Data supplied START

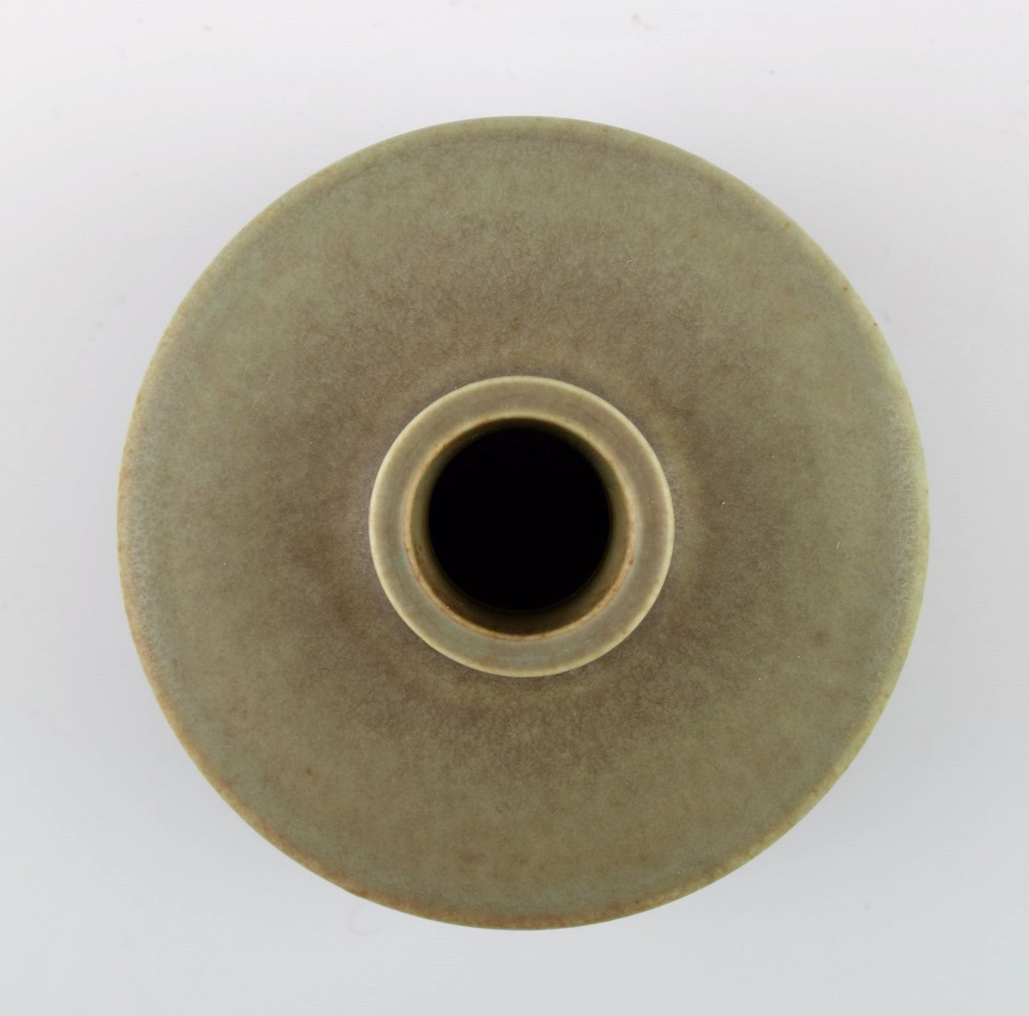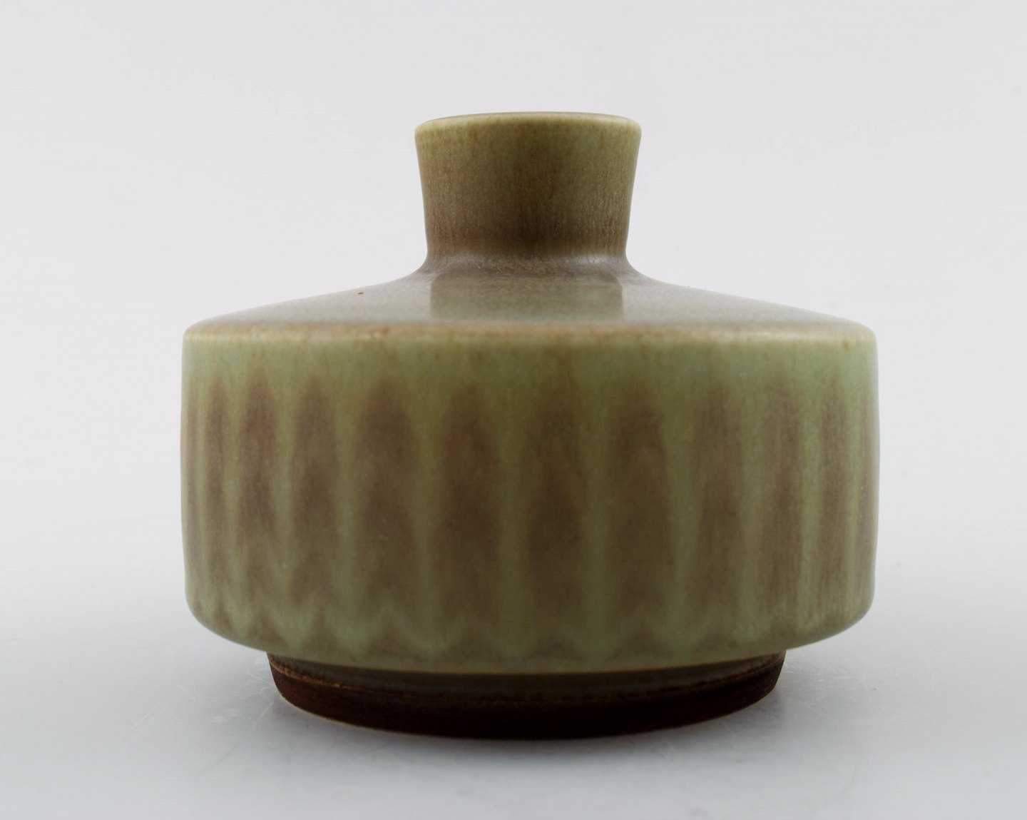 Berndt Friberg Studio ceramic vase. Modern Swedish design. Unique, handmade. Rare form. Beautiful glaze in greenbrown shades. Perfect condition. 1st. factory quality. Measures: 9,5 x 8,5 cm.
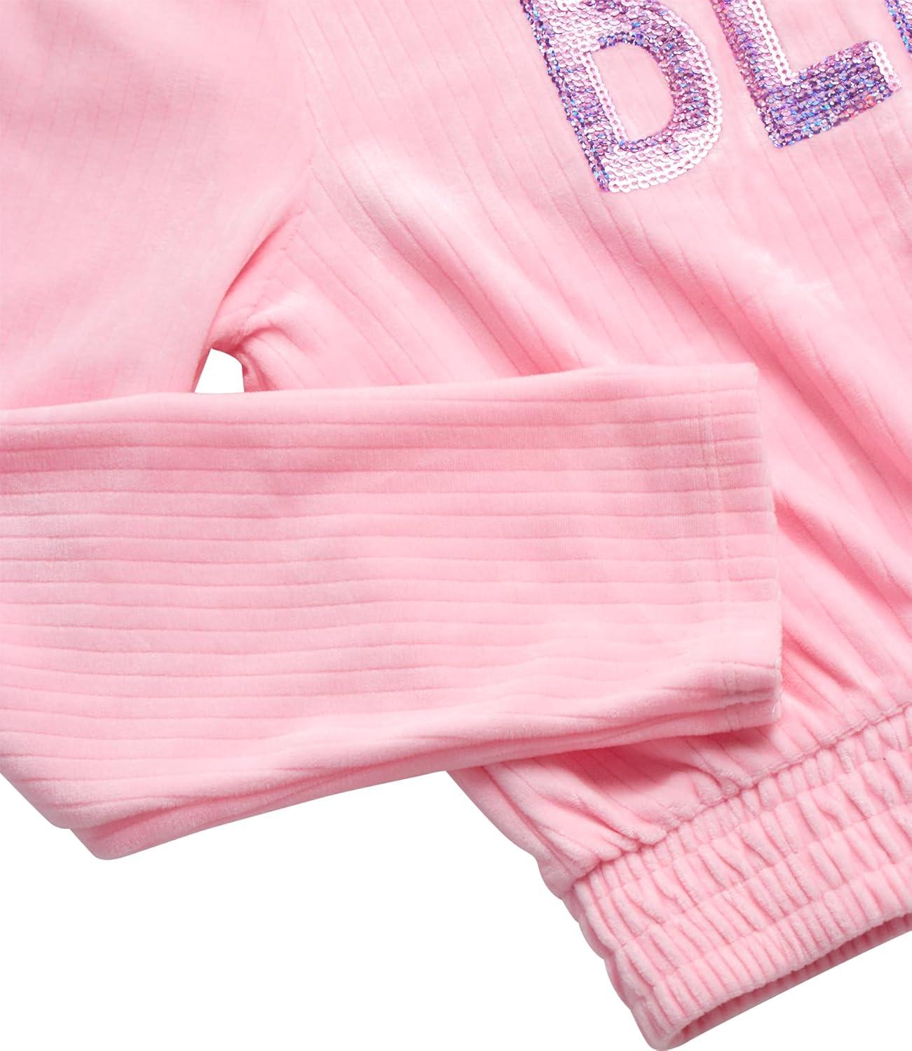 imagebebe Girls Sweatpants Set  2 Piece Velour Athletic Hoodie Sweatshirt and Wide Leg Kids Sweatpants Activewear SetRose Shadow
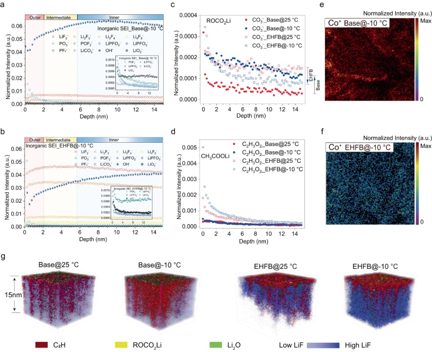 【圖5】在基礎電解質(a)和EHFB電解質(b)中,−10°C下長循環后無機SEI中官能團的深度分布。25 °C和−10 °C時基礎電解質和EHFB電解質形成的SEI中ROCO2Li組分(c)和CH3COOLi組分的深度分布 。采用基礎電解質(e)和EHFB電解質(f)的石墨負極上Co+的空間分布。g在25°C和-10°C下,采用基礎電解質和EHFB電解質的電池化成后石墨負極SEI最上面15nm的三維重建圖。
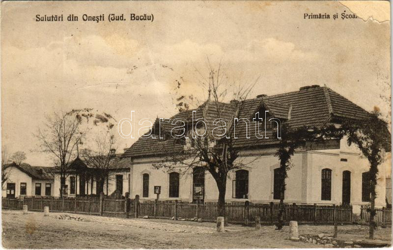 Leírás: Onesti, Ónfalva, Onyest (Bacau); Primaria si Scoala / town hall and school (surface damage)
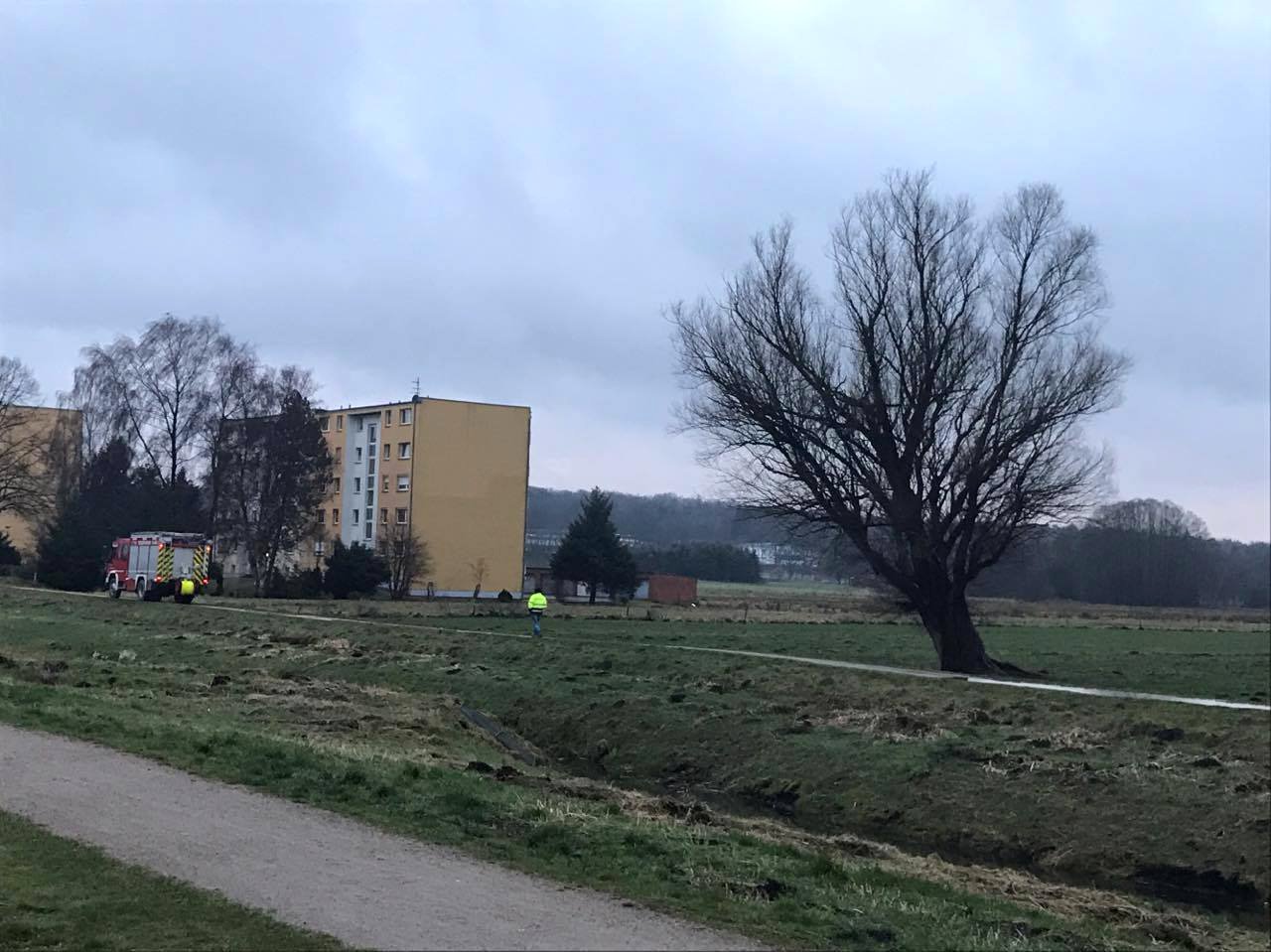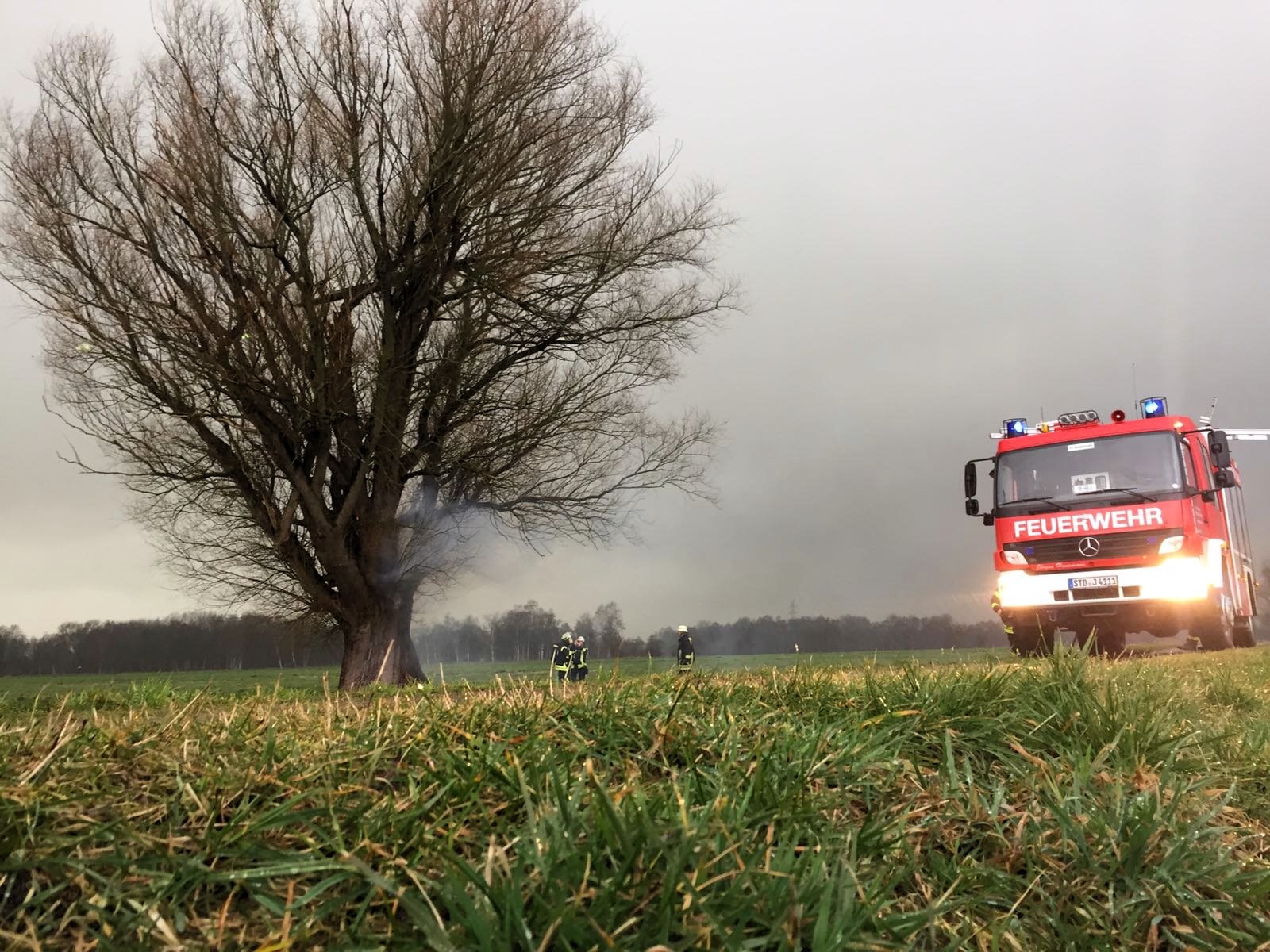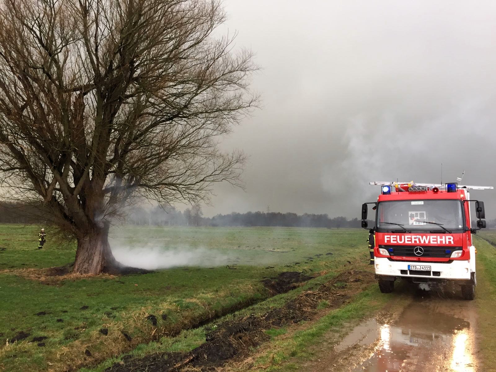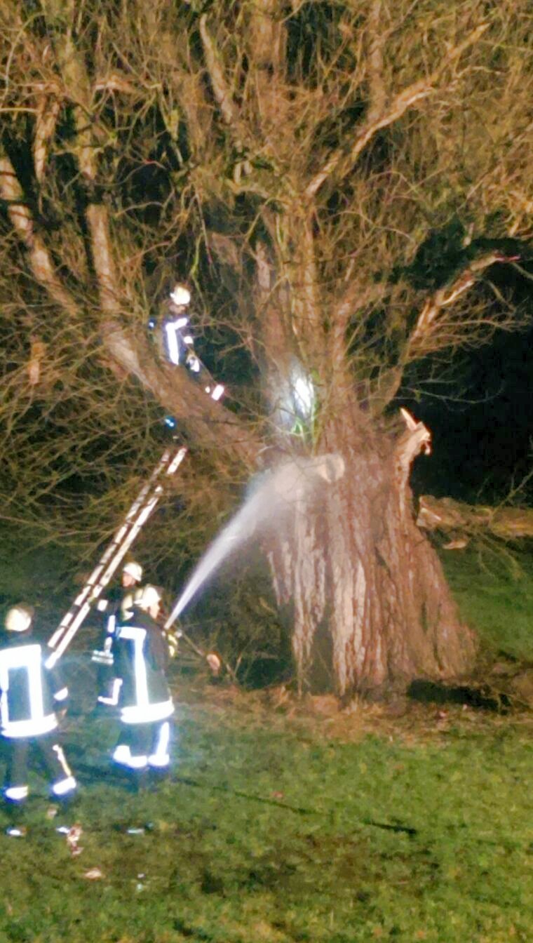Die alarmierten Einsatzkräfte vom Zug I der Ortsfeuerwehr Buxtehude sorgten mit dem Schnellangriffsschlauch vom Hilfeleistungslöschfahrzeug für ein erstes Ablöschen der großen Glutnester im dem etwa 1,40m dicken Stamm und rückten anschließend vorerst wieder ab. Da der Baum nicht mehr zu retten war und eine Gefahr für den angrenzenden Wanderweg darstellte, wurde gleich nach den ersten Löschmaßnahmen mit einer teilweisen Fällung der großen Äste begonnen.

Data supplied END

Without including a single picture, restate all of the data word for word.

» **Task solution**
 Berndt Friberg Studio ceramic vase. Modern Swedish design. Unique, handmade. Rare form. Beautiful glaze in greenbrown shades. Perfect condition. 1st. factory quality. Measures: 9,5 x 8,5 cm.
 imagebebe Girls Sweatpants Set  2 Piece Velour Athletic Hoodie Sweatshirt and Wide Leg Kids Sweatpants Activewear SetRose Shadow
 【圖5】在基礎電解質(a)和EHFB電解質(b)中,−10°C下長循環后無機SEI中官能團的深度分布。25 °C和−10 °C時基礎電解質和EHFB電解質形成的SEI中ROCO2Li組分(c)和CH3COOLi組分的深度分布 。采用基礎電解質(e)和EHFB電解質(f)的石墨負極上Co+的空間分布。g在25°C和-10°C下,采用基礎電解質和EHFB電解質的電池化成后石墨負極SEI最上面15nm的三維重建圖。
 Leírás: Onesti, Ónfalva, Onyest (Bacau); Primaria si Scoala / town hall and school (surface damage)
Die alarmierten Einsatzkräfte vom Zug I der Ortsfeuerwehr Buxtehude sorgten mit dem Schnellangriffsschlauch vom Hilfeleistungslöschfahrzeug für ein erstes Ablöschen der großen Glutnester im dem etwa 1,40m dicken Stamm und rückten anschließend vorerst wieder ab. Da der Baum nicht mehr zu retten war und eine Gefahr für den angrenzenden Wanderweg darstellte, wurde gleich nach den ersten Löschmaßnahmen mit einer teilweisen Fällung der großen Äste begonnen.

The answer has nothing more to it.